We fight against our egos with swords of genuine pride. Suppressing our pride will not make us saints, but hypocrites. There is no striving, no goal setting, no succeeding beyond the emotion of greatness. The mind’s desire to pursue goals and to grow is barren without pride. While we may let our egos rot along with vanity and conceit (Mr. Holiday’s book illustrates well why it is useful to do so, although it might not be), we still need true pride, especially its anticipation, to empower and do our True Will.
References
Carver, C. S., Sinclair, S., Johnson, S. L. (2010). Authentic and hubristic pride: Differential relations to aspects of goal regulation, affect, and self-control. Journal of Research in Personality 44(6), pp. 698-703, doi: 10.1016/j.jrp.2010.09.004.
Lea, S. E. G., Webley, P. (1997). Pride in economic psychology. Journal of Economic Psychology 18(2-3), pp. 323-340, doi: 10.1016/S0167-4870(97)00011-1.
Lu, Y., Roto, V. (2016). Design for Pride in the Workplace. Psychology of Well-Being 6(6), Epub, doi: 10.1186/s13612-016-0041-7.
Nelson, N. L., Russell, J. A. (2014). Dynamic facial expressions allow differentiation of displays intended to convey positive and hubristic pride.
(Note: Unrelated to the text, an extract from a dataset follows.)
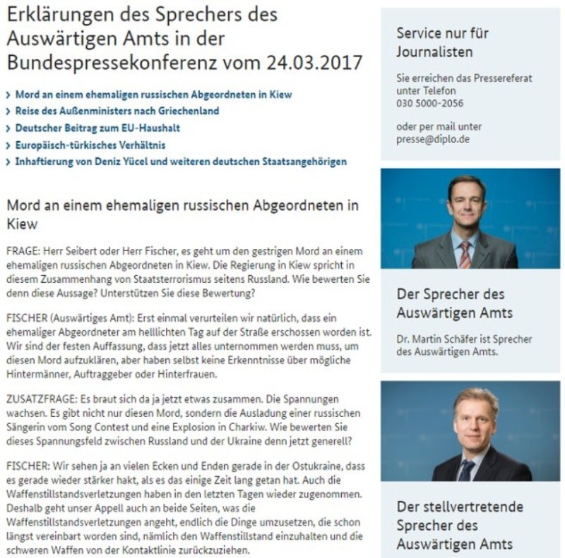 Одной из тем последней пресс-конференции в дипломатическом ведомстве Германии стало резонансное убийство бывшего депутата Госдумы в центре столицы Украины. В частности, присутствующих на мероприятии журналистов интересовал вопрос о том, как официальный Берлин относится к версии украинских властей, утверждающих, что в случае с убийством Вороненкова речь идет о «государственном терроризме».

Emotion 14(5), pp. 857-864, doi: 10.1037/a0036789.
Nelson, N. L., Russell, J. A. (2015). Children distinguish between positive pride and hubris. Developmental Psychology 51(11), pp. 1609-1614, doi: 10.1037/dev0000048.
Orth, U., Robins, R. W., Soto, C. J. (2010). Tracking the Trajectory of Shame, Guilt, and Pride Across the Life Span. Journal of Personality and Social Psychology 99(6), pp. 1061-1071, doi: 10.1037/a0021342.
Tangney, J. P., Stuewig, J., Mashek, D. J. (2007). Moral Emotions and Moral Behavior. Annual Review of Psychology 50, pp. 345-372, doi: 10.1146/annurev.psych.56.091103.070145.
Tracy, J. L., Robins, R. W. (2007). The psychological structure of pride: A tale of two facets. Journal of Personality and Social Psychology 92(3), pp. 506-525, doi: 10.1037/0022-3514.92.3.506.
Trumbull, D. (2010). Hubris: a primal danger. Psychiatry 73(4), pp. 341-351, doi: 10.1521/psyc.2010.73.4.341.
Williams, L. A., DeSteno, D. (2008). Pride and perseverance: the motivational role of pride. Journal of Personality and Social Psychology 94(6), pp. 1007-1017, doi: 10.1037/0022-3514.94.6.1007.
Williams, L. A., DeSteno, D. (2009). Pride: adaptive social emotion or seventh sin? Psychological Science 20(3), pp. 284-288, doi: 10.1111/j.1467-9280.2009.02292.x.